Leetcode:2. Add Two Numbers(Week 6)

Description:

You are given two non-empty linked lists representing two non-negative integers. The digits are stored in reverse order and each of their nodes contain a single digit. Add the two numbers and return it as a linked list.

You may assume the two numbers do not contain any leading zero, except the number 0 itself.

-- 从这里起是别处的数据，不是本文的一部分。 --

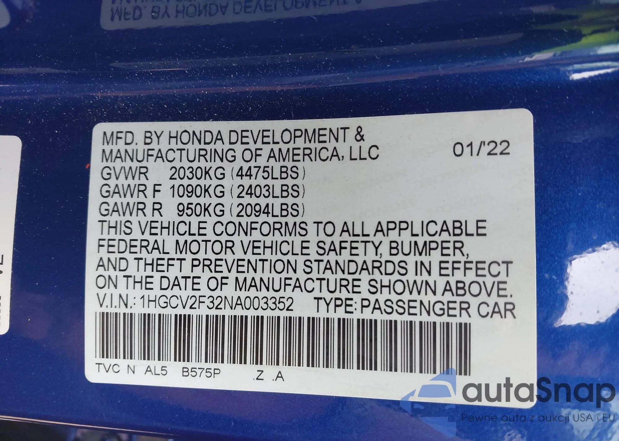 LOT: 42468880 VIN: 1HGCV2F32NA003352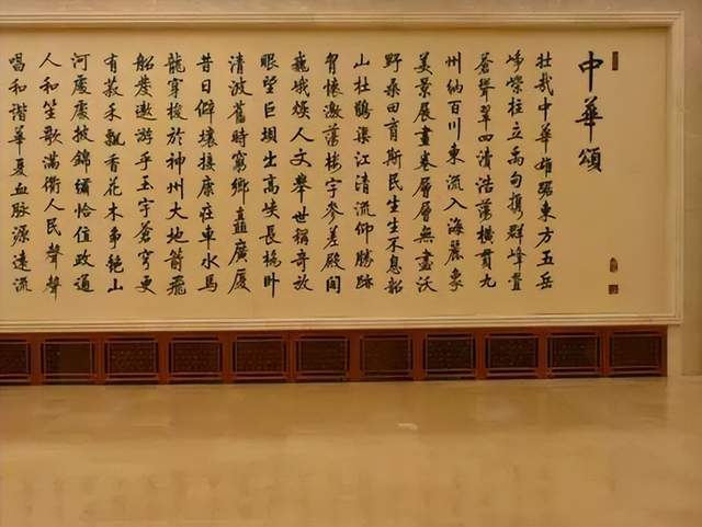 完美统一。这幅巨作镶嵌于人民大会堂中央大厅中央金色大厅内,得到国家领导人的充分肯定。《中华颂》此幅书法巨作长18米、高3.72米,每字径尺,书艺焕彩、顽铁生辉,规模空前,堪称绝品。

Input: (2 -> 4 -> 3) + (5 -> 6 -> 4)
Output: 7 -> 0 -> 8

解題分析：

將兩個非空鏈表從頭到尾依次相加，得到一個新的鏈表，鏈表上的值爲和的個位數，若和超過10則將和/10的結果（即進位）參與下一個節點的相加，重複上述操作直到較長鏈表結尾。

代碼如下：

/**
 * Definition for singly-linked list.
 * struct ListNode {
 *     int val;
 *     ListNode *next;
 *     ListNode(int x) : val(x), next(NULL) {}
 * };
 */
class Solution {
public:
    ListNode* addTwoNumbers(ListNode* l1, ListNode* l2) {
        ListNode *prev = NULL, *result = NULL;
        int carry = 0;
        while (l1 || l2) {
            int v1 = l1? l1->val : 0;
            int v2 = l2? l2->val : 0;
            int sum = v1+v2 + carry;
            int value = sum%10;
            carry = sum/10;
            ListNode * cur = new ListNode(value);
            if (!result) result = cur;
            if (prev) prev->next = cur;
            prev = cur;

            l1 = l1 ? l1->next :NULL;
            l2 = l2 ? l2->next : NULL;
        }
        if (carry > 0) {
            ListNode * l = new ListNode(carry);
            prev->next = l;
        }
        return result;
    }
};